Screening Ferroelastic Transitions in Switchable Cyano-Bridged Perovskites: [CH3C(NH2)2]2­[KM(CN)6], M = Cr3+, Fe3+, Co3+. Crystal Structure Characterization, Dielectric Properties, 1H NMR, and Quasielastic Neutron Scattering Studies

Here we report the dynamics of organic cations as guest molecules in the novel perovskite host framework. The novel switchable crystals from the coordination family [CH3C­(NH2)2]2­[KB″(CN)6] were constructed by employing acetamidinium cations (ACE = [CH3C­(NH2)2]) as A-site and B″: Cr3+, Fe3+, Co3+ in the inorganic cage. The molecular motion of ACE+ as well as the effect of the trivalent metallic cation type on two-step transitions were studied using a combination of experimental methods: (i) X-ray diffraction experiments, (ii) thermal analysis, (iii) dielectric and electric studies, (iv) optical observations, (v) 1H NMR spectroscopy, and (vi) quasielastic neutron scattering (QENS).
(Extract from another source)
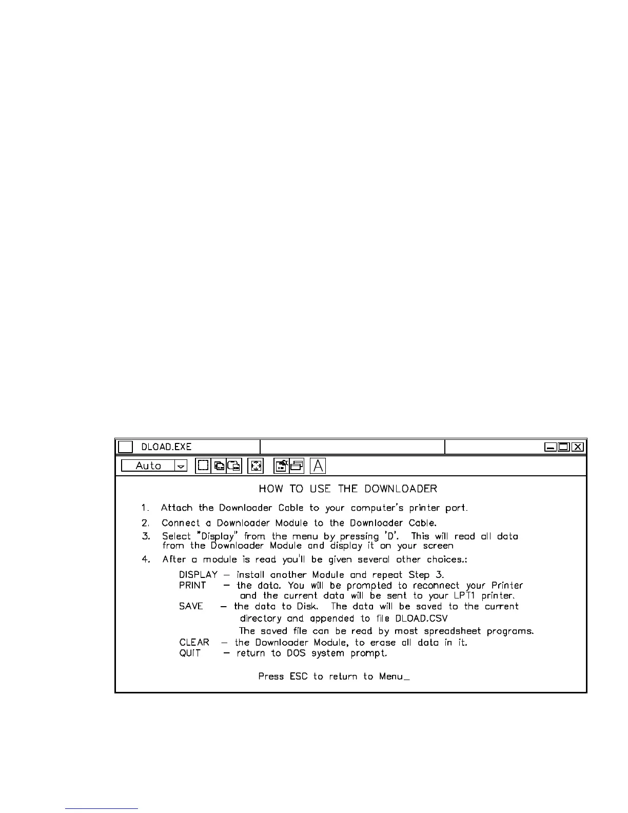 5. Start the Downloader program by typing DLOAD. (Use DLOADER if you want to

On the basis of the X-ray analysis, transitions occur from a frozen-order phase (III, monoclinic, C2/m) to an in-plane rotational disorder state (II, trigonal, R3̅m) and to a melt-like disorder one (I, cubic, Fm3̅m). A markedly temperature-dependent dielectric constant indicates the tunable and switchable properties of all complexes. The QENS, as well as 1H NMR spectroscopy, were applied to measure the dynamics of the organic cations residing in the inorganic framework. The ferroelastic nature of the phases III and II were proven based on the polarized light microscopy photographs. Also, the modified equation of the tolerance factor t was used to estimate the theoretical phase transition temperatures for a crystal with Mn3+.